Question

A plane is inclined at an angle $\alpha ={30}^{\circ }$ with respect to the horizontal. A particle is projected with a speed $u=2\text{m/s}$, from the base of the plane, as shown in figure.

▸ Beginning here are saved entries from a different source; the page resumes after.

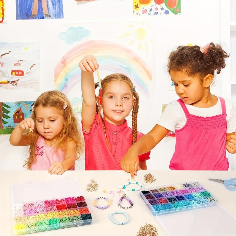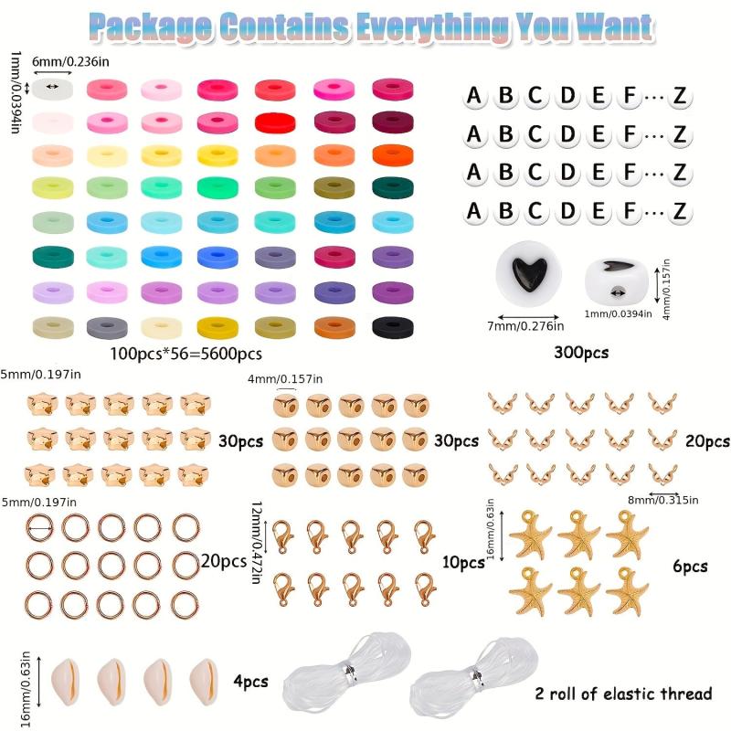Create your own unique jewelry with this DIY kit that includes colorful clay beads in 56 different colors. Make beautiful jewelry pieces with spacer and flat round polymer clay beads.
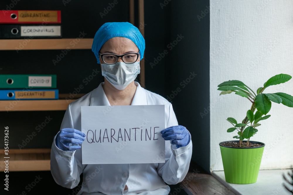 Doctor with Quarantine inscription on white blank. Female Medic in protective mask and uniform looks at camera standing not far from window with green plant on it. Pandemic concept.
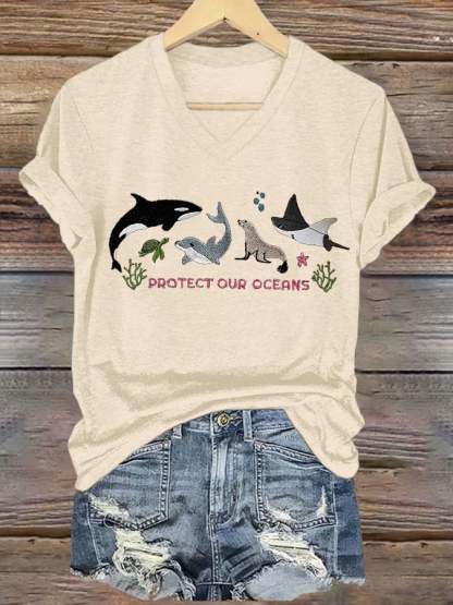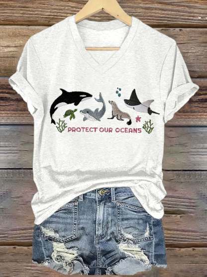 Women's Retro Protect Our Oceans Print T-Shirt
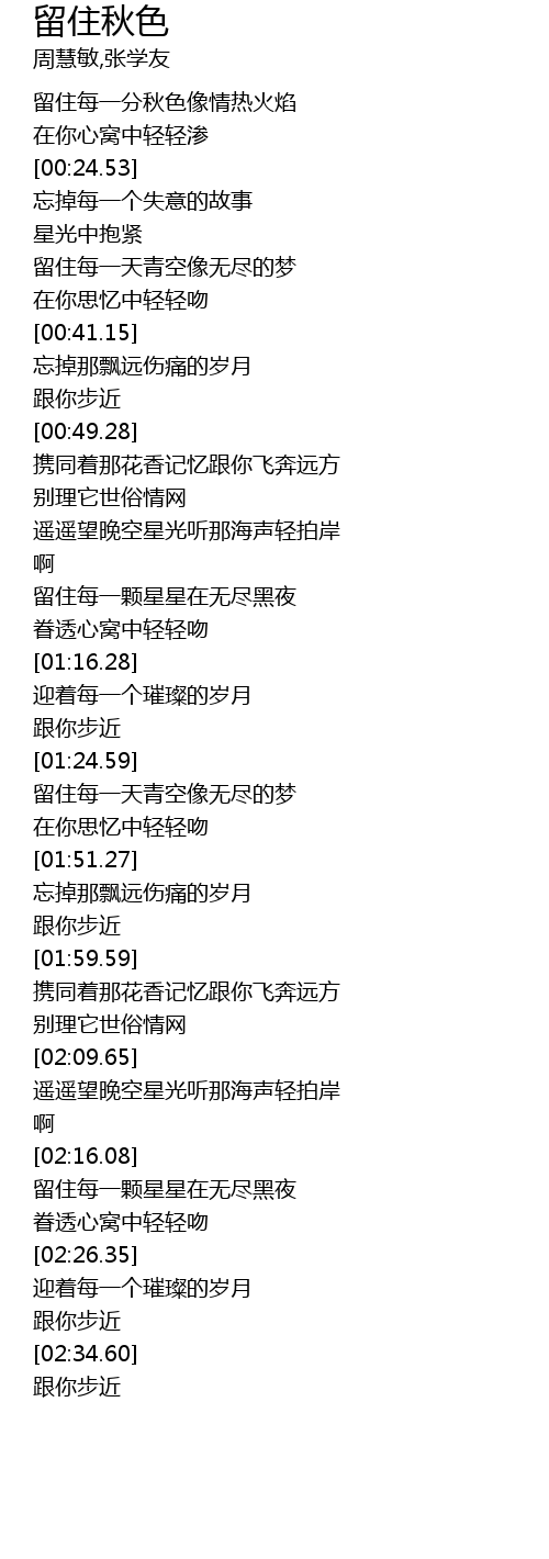 | [00:16.73] | 留住每一分秋色像情热火焰 |
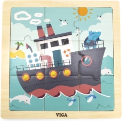 Ce puzzle en bois avec un motif de bateau coloré et d’animaux marins comprend 9 pièces thématiques qui s’insèrent dans des découpes fraisées de la plaque. Des couleurs vives et des formes simples favorisent la concentration et motivent les enfants à assembler encore et encore.
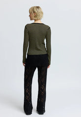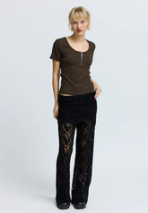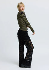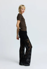 Pantalon en dentelle coupe casual ajustée avec partie jupe intégrée et taille élastiquée.
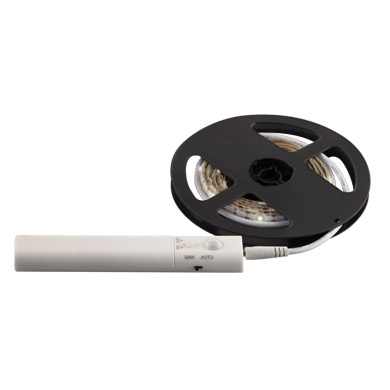 Ruban lumineux autocollant à DEL intégrées pour sous-comptoir. Fonctionne à batteries (4X AAA non incluses). Détecteur de mouvement infrarouge. IP65.
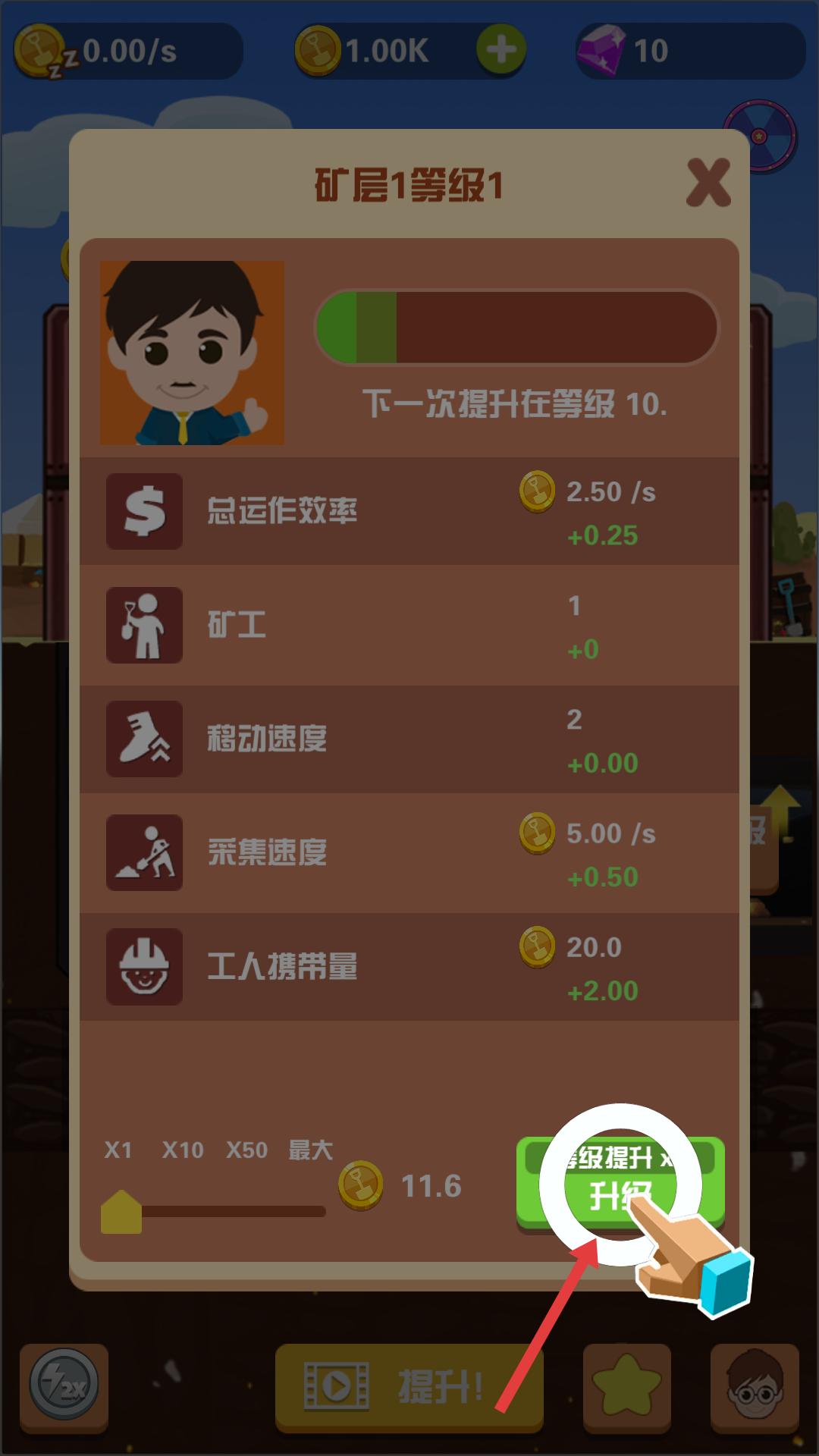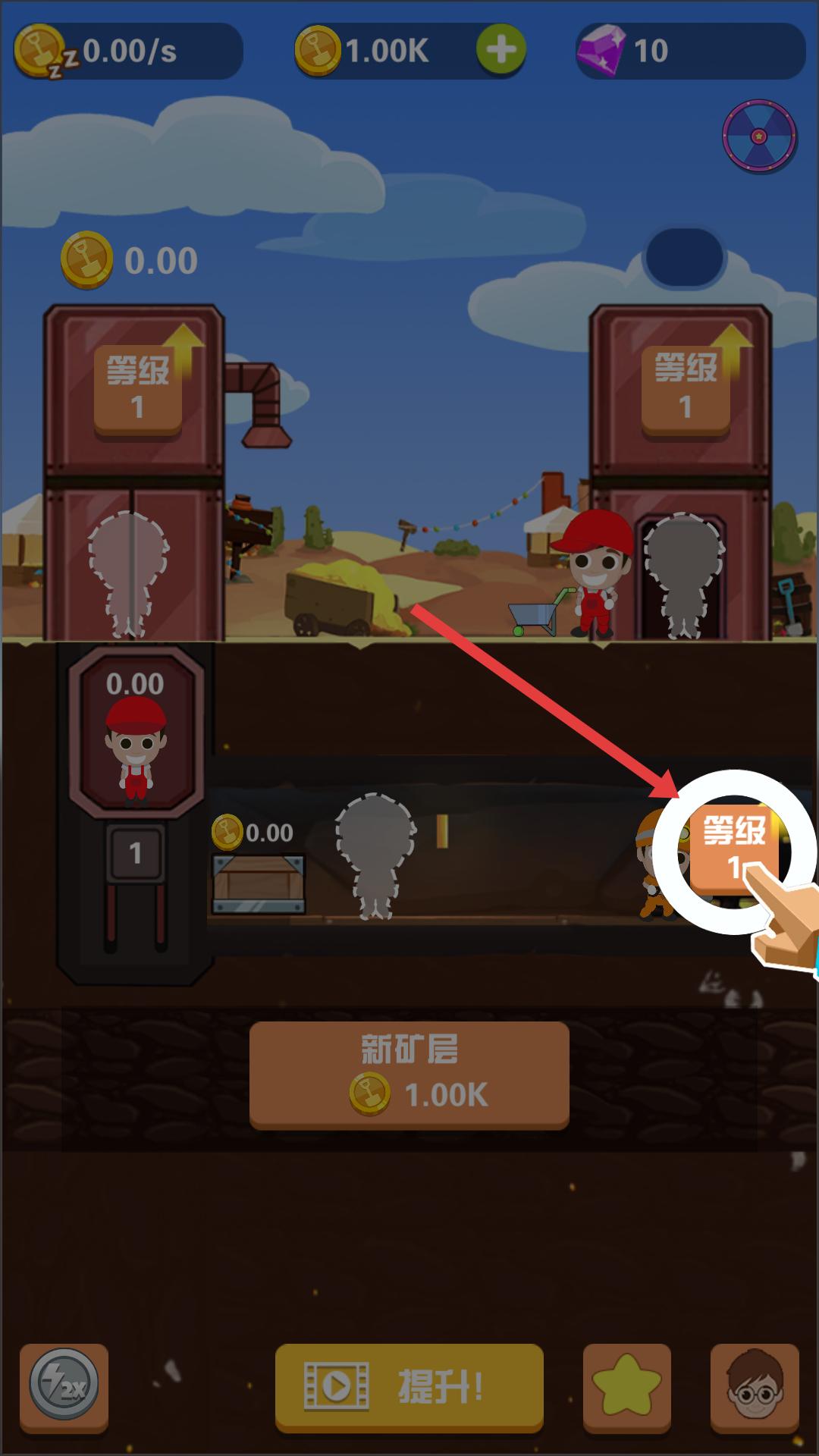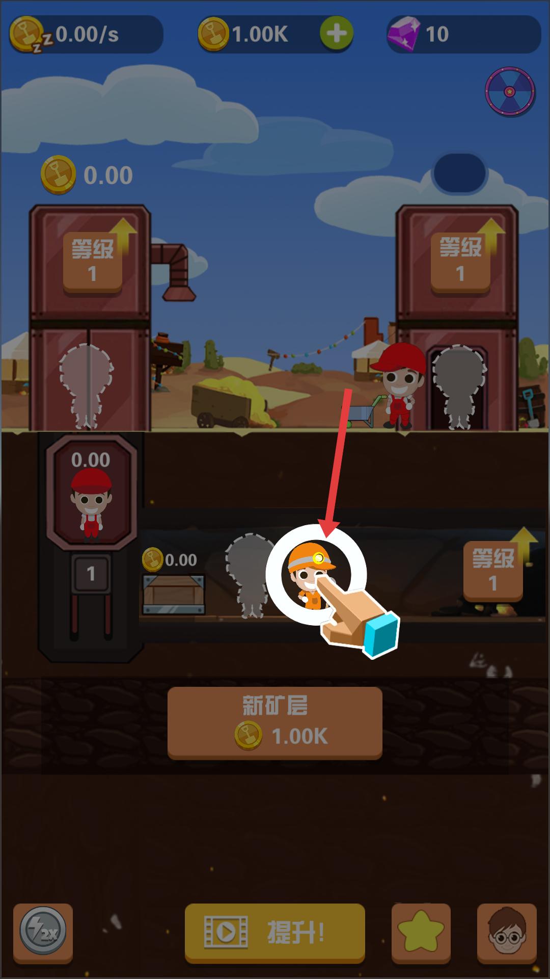 1、游戲界面中按照提示點擊礦工角色,可讓礦工開始在礦層中工作,進行礦石采集等操作,這是開啟采礦流程的第一步,推動游戲進程。

The distance from the base, at which the particle hits the plane, is close to:
(Take $g=10{\text{m/s}}^2$)

• A. $20\text{cm}$
• B. $\text{180 cm}$
• C. $\text{26 cm}$
• D. $\text{14 cm}$

Answer 1

The correct option is A $20\text{cm}$

On an inclined plane, time of flight $\left(T\right)$ is given by,

$T=\frac{2u\sin \theta }{g\cos \alpha }$

Substituting the values, we get

$T=\frac{\left(2\right)\left(2\sin {15}^{\circ }\right)}{g\cos {30}^{\circ }}=\frac{4\sin {15}^{\circ }}{10\cos {30}^{\circ }}$

$\text{Distance, S}=\left(2\cos {15}^{\circ }\right)T-\frac{1}{2}g\sin {30}^{\circ }(T{)}^2$


$=\left(2\cos {15}^{\circ }\right)\frac{4}{10}\frac{\sin {15}^{\circ }}{10\cos {30}^{\circ }}-(\frac{1}{2}\times 10\sin {30}^{\circ })\frac{16{\sin }^2{15}^{\circ }}{100{\cos }^2{30}^{\circ }}$

$[\because \sin {15}^0=\frac{\sqrt{3}-1}{2\sqrt{2}}]$

$=\frac{16\sqrt{3}-16}{60}\simeq 0.1952\text{m}\simeq 20\text{cm}$

Hence, $\left(A\right)$ is the correct answer.